TASK BRIEF |
Scan the entries for the word "etapa". Every line that has it should be copied.

TASK INPUT |
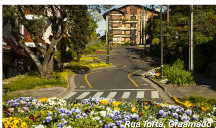
Rua Torta, Gramado
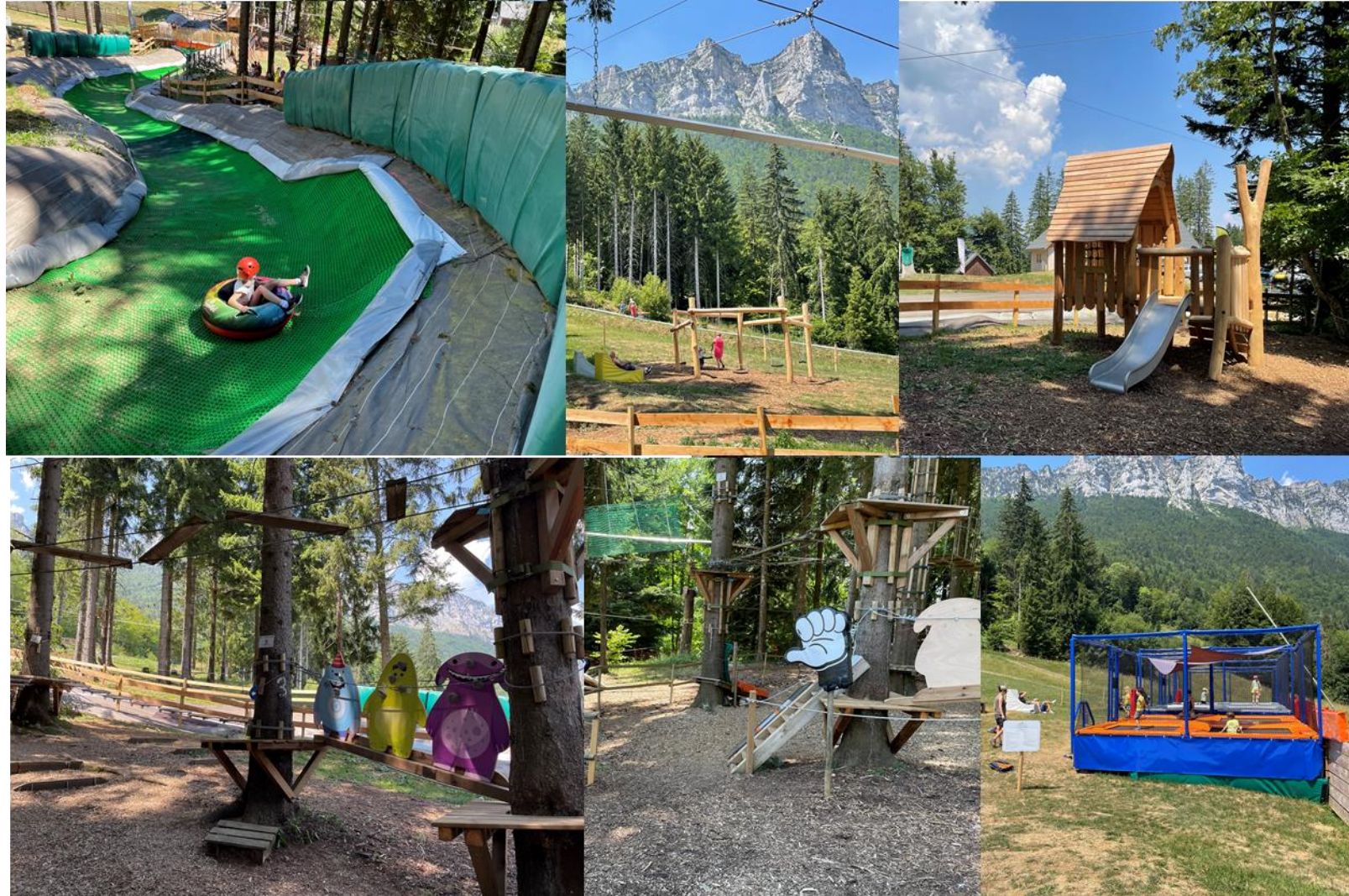
Col de Marcieu été 2023
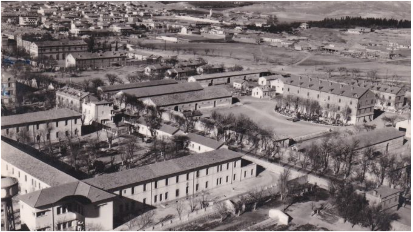
ALGERIE . BATNA. Vue Aérienne sur l'Hôpital
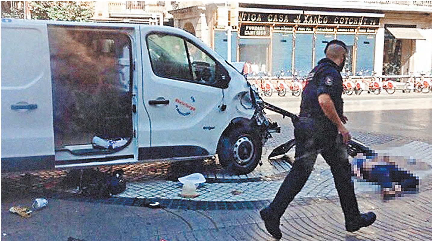
Белый микроавтобус в руках террориста становится не только транспортным средством повышенной опасности, но и орудием массового убийства.
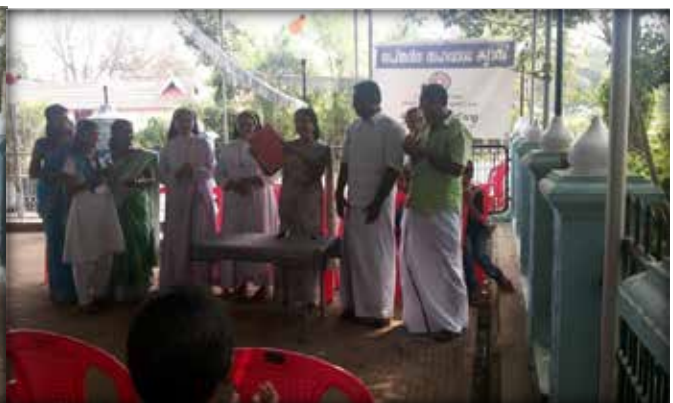
Hand written Magazine Release
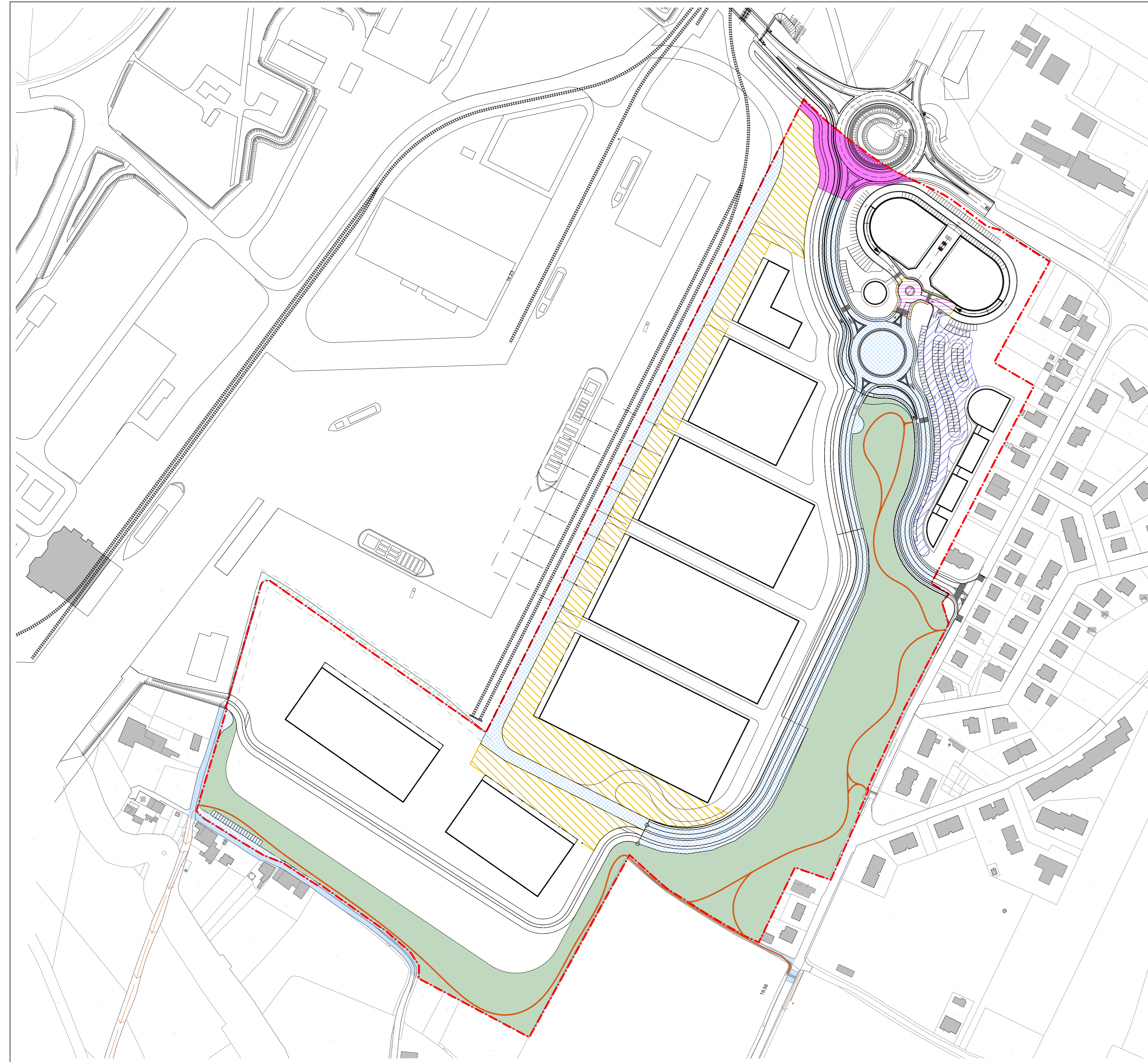
0. Aree di cessione/asservite 1:2000
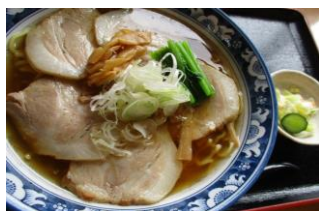
チャーシューメン 800円
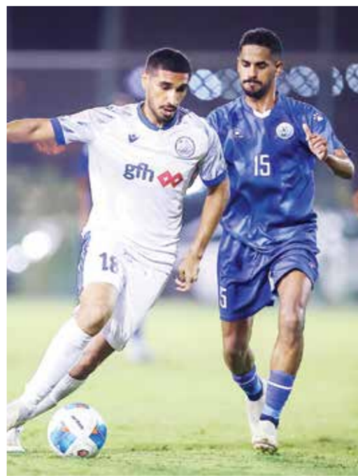
لقطة من مباراة الحد والبسيتين.
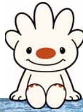
手稲区マスコット キャラクター ていぬ
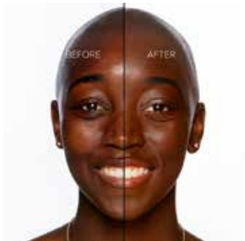
GANACHE - Muy Oscuro con Subtono Neutro
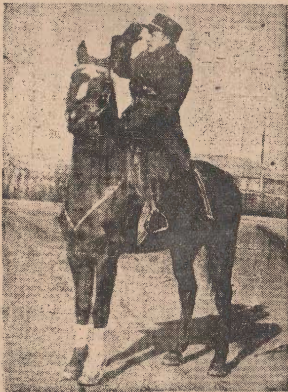
總司令 崔庸健 是 騎兵
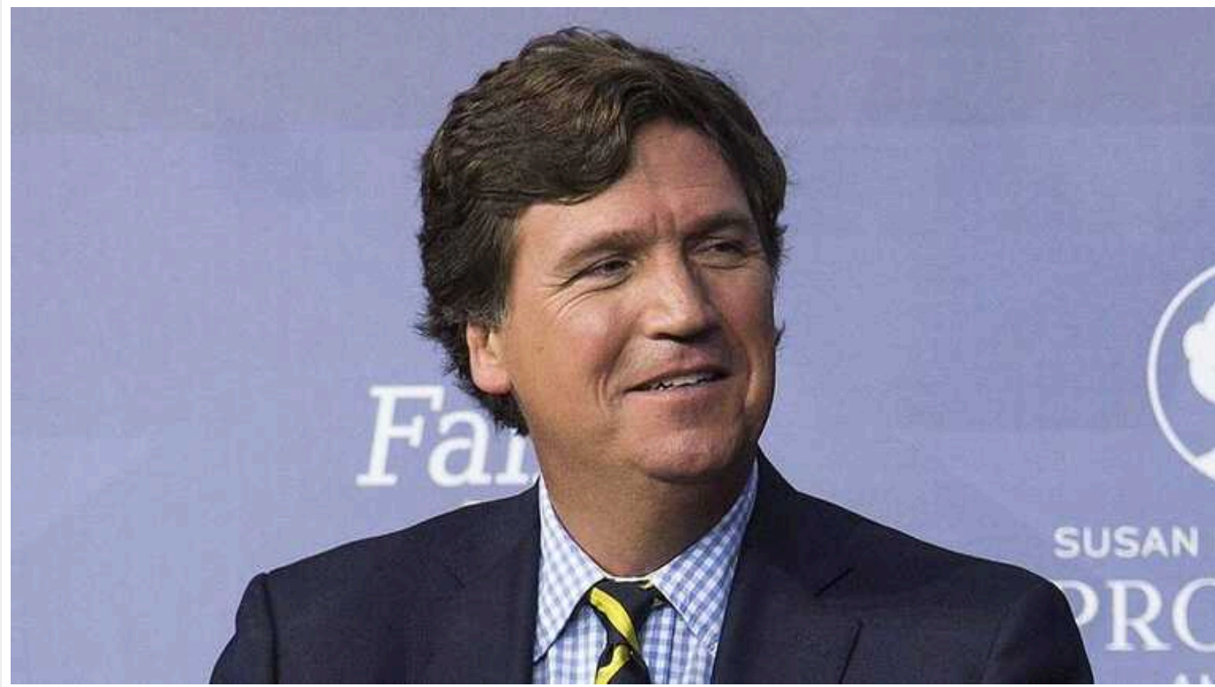
Путін "готовий піти на серйозний компроміс щодо України", - Такер Карлсон

Трампліст Такер Карлсон повідомляє, що Путін "готовий піти на серйозний компроміс щодо України".
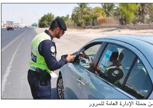
من حملة الإدارة العامة للمرور

وأُسفرت الحملة، حسب بيان صادر عن وزارة الداخلية، عن تحرير 3239 مخالفة مرورية وحجز مركبتين وإحالة 3 مخالفين إلى نظارة المرور، وضبط 56 مركبة مطلوبة قضاثياً، و33 مطلوبين قضاثياً و115 مخالفاً لقانون الإقامة والعمل و12 حدثاً لقيادتهم مركبة من دون رخصة، إلى جانب
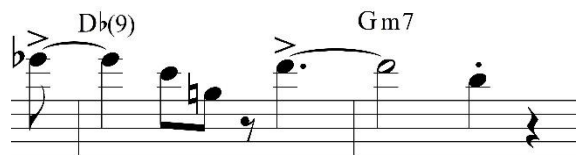
Figura 3. Frase de apertura para la etapa de tensión.

dando paso al desarrollo de la etapa de tensión, debido a que sus notas objetivo son la 11 en el caso de Re bemol mayor y de la 7 en el caso de Sol menor (fig. 3).
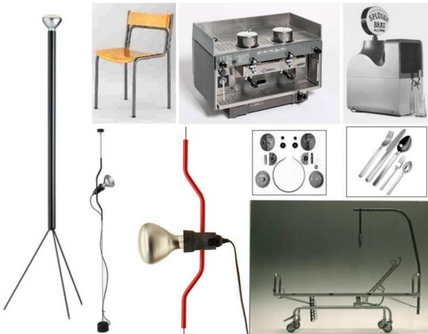
Gli 8 Compassi d'oro dei Castiglioni: lampada Luminator, 1955; sedia per la scuola T12 (con Caccia Dominioni), 1960; macchina da caffè Pitagora, 1962; spillatore di birra Spinamatic, 1964; cuffia per traduzioni simultanee, 1967; lampada Parentesi (con Pio Manzù), 1979; letto d'ospedale Omsa, 1979; servizio di posate Dry, 1984.
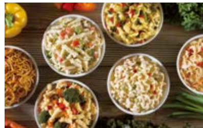
Hans Kissleが提供する安全・安心でおいしいデリ惣菜

当社は、Hans Kissleの提供する中食の安全性、おいしさ、ヘルシーさ、サービス等のさらなる向上に取り組むことで、多様化する消費者ニーズに積極的に応えていきます。
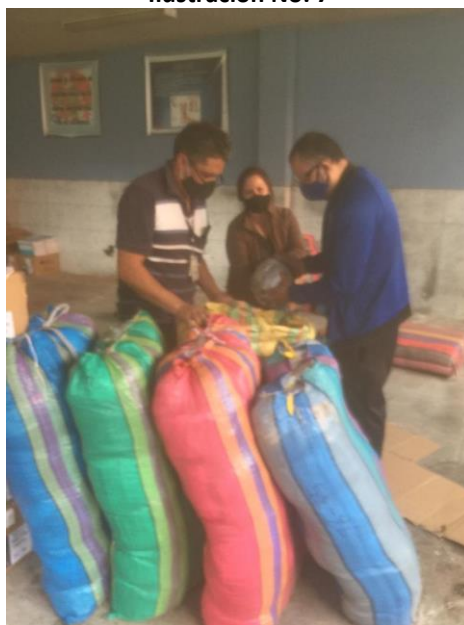
Dotación de uniformes escolares

37 instituciones educativas pertenecientes a la pandemia COVID Dirección Distrital de Educación 17D06 Parroquias Urbanas (Chilibulo a la Ferroviaria) y Parroquias Rurales (Lloa), forman parte del programa “Hilando el Desarrollo”, mediante, la entrega gratuita de 9.495 kits de uniformes escolares destinadas a todos los niños y niñas de instituciones educativas fiscales y fiscomisionales
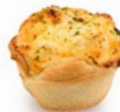
Ταρτάκι Φέτα Ντομάτα Βασιλικός Mini Tart Feta Tomato Basil
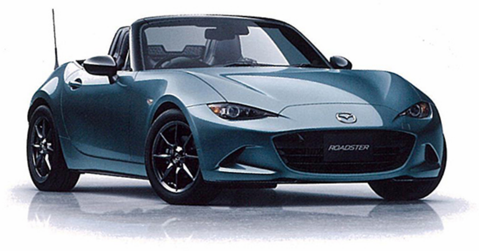
BLUE REFLEX MICA ブルーリフレックスマイカ

※1 ソウルレッドプレミアムメタリックは特別塗装色のため、 メーカー希望小売価格54,000円(消費税抜き価格50,000円)高となります。 ※2 クリスタルホワイトパールマイカは特別塗装色のため、 メーカー希望小売価格32,400円(消費税抜き価格30,000円)高となります。
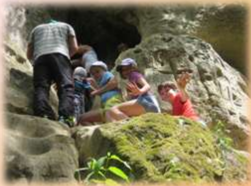
Походы выходного дня
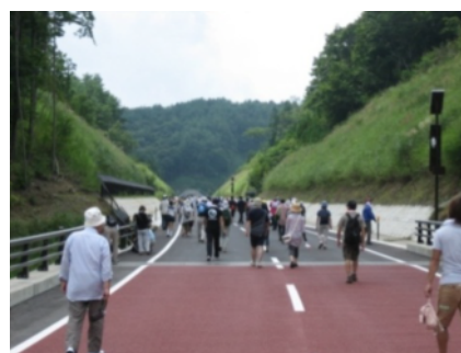
8/29 開催 ウォーキングイベント状況

この地域は、豊かな自然が残され、多様な動植物が生息していることから、生き物や自然環境を大切にする「エコロード」として整備を進めてまいりました。
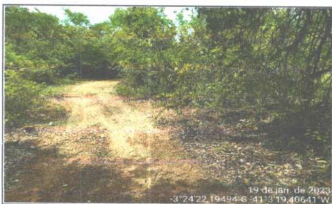
FOTO 1 - LOCAL DA CONSTRUÇÃO - BUEIRO SIMPLES TUBULAR
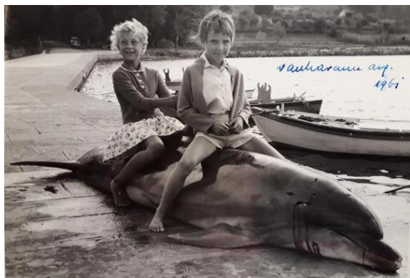
Slika 1: Na obalo je naplavilo mrtvega delfina. Ankaran, 1961.

Na morje z družino smo vsako leto odhajali v Ankaran. Potovali smo z osebnim avtomobilom. S seboj smo vzeli lopatke, kanglice, blazine, žoge in loparje za badminton. Nastanjeni smo bili v sindikalni vili. Tam smo se kopali in igrali. Na morju sem se največ družila s prijatelji in sorodniki. Vse na morju mi je bilo zelo všeč. Nenavadno pa je bilo, da je nekoč na plažo naplavilo mrtvega delfina. Z njim smo se lahko slikali. S počitnic na morju hranim več fotografij, npr. kako smo se zakopali v mivko in balinali s kamni.

FINISHED EXERCISE |
Figura 3. Frase de apertura para la etapa de tensión.
dando paso al desarrollo de la etapa de tensión, debido a que sus notas objetivo son la 11 en el caso de Re bemol mayor y de la 7 en el caso de Sol menor (fig. 3).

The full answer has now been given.